The spread of the novel coronavirus (SARS-CoV-2) has triggered a global emergency, that demands urgent solutions for detection and therapy to prevent escalating health, social, and economic impacts. The spike protein (S) of this virus enables binding to the human receptor ACE2, and hence presents a prime target for vaccines preventing viral entry into host cells. The S proteins from SARS and SARS-CoV-2 are similar, but structural differences in the receptor binding domain (RBD) preclude the use of SARS-specific neutralizing antibodies to inhibit SARS-CoV-2. Here we used comparative pangenomic analysis of all sequenced reference Betacoronaviruses, complemented with functional and structural analyses. This analysis reveals that, among all core gene clusters present in these viruses, the envelope protein E shows a variant cluster shared by SARS and SARS-CoV-2 with two completely-conserved key functional features, namely an ion-channel, and a PDZ-binding motif (PBM). These features play a key role in the activation of the inflammasome causing the acute respiratory distress syndrome, the leading cause of death in SARS and SARS-CoV-2 infections. Together with functional pangenomic analysis, mutation tracking, and previous evidence, on E protein as a determinant of pathogenicity in SARS, we suggest E protein as an alternative therapeutic target to be considered for further studies to reduce complications of SARS-CoV-2 infections in COVID-19.
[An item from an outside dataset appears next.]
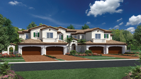 Jupiter Country Club, Jupiter FL is featuring the Genova 3-BR/2-BA Carriage Home with three half-baths and a 2-car garage. This 2,650-sf residence features an entry way and two-story foyer that opens to a generous study with access through double entry doors. The formal dining room is accessible from the great room and gourmet kitchen and has views and access to the covered lanai.

新型冠状病毒（SARS-CoV-2）的传播引发了全球性紧急情况，需要紧急解决方案进行检测和治疗，以防止对健康，社会和经济的影响不断升级。该病毒的刺突蛋白（S）能够与人类受体ACE2结合，因此成为预防病毒进入宿主细胞的疫苗的主要靶标。来自SARS和SARS-CoV-2的S蛋白相似，但是受体结合域（RBD）的结构差异使得无法使用SARS特异性中和抗体来抑制SARS-CoV-2。在这里，我们使用了所有测序参考的比较性全基因组分析冠状病毒，并辅以功能和结构分析。该分析表明，在这些病毒中存在的所有核心基因簇中，包膜蛋白E显示了SARS和SARS-CoV-2共有的变异簇，具有两个完全保守的关键功能特征，即离子通道和PDZ结合基序（PBM）。这些特征在引起急性呼吸窘迫综合征的炎性体的活化中起关键作用，所述炎性体是SARS和SARS-CoV-2感染的主要死亡原因。结合功能性蛋白质组学分析，突变追踪和以前的证据，我们认为E蛋白是SARS致病性的决定因素，我们建议将E蛋白作为替代治疗靶点，以进行进一步的研究以减少SARS-CoV-2感染的并发症。新型冠状病毒肺炎（COVID-19）：新冠肺炎（COVID-19）：COVID-19。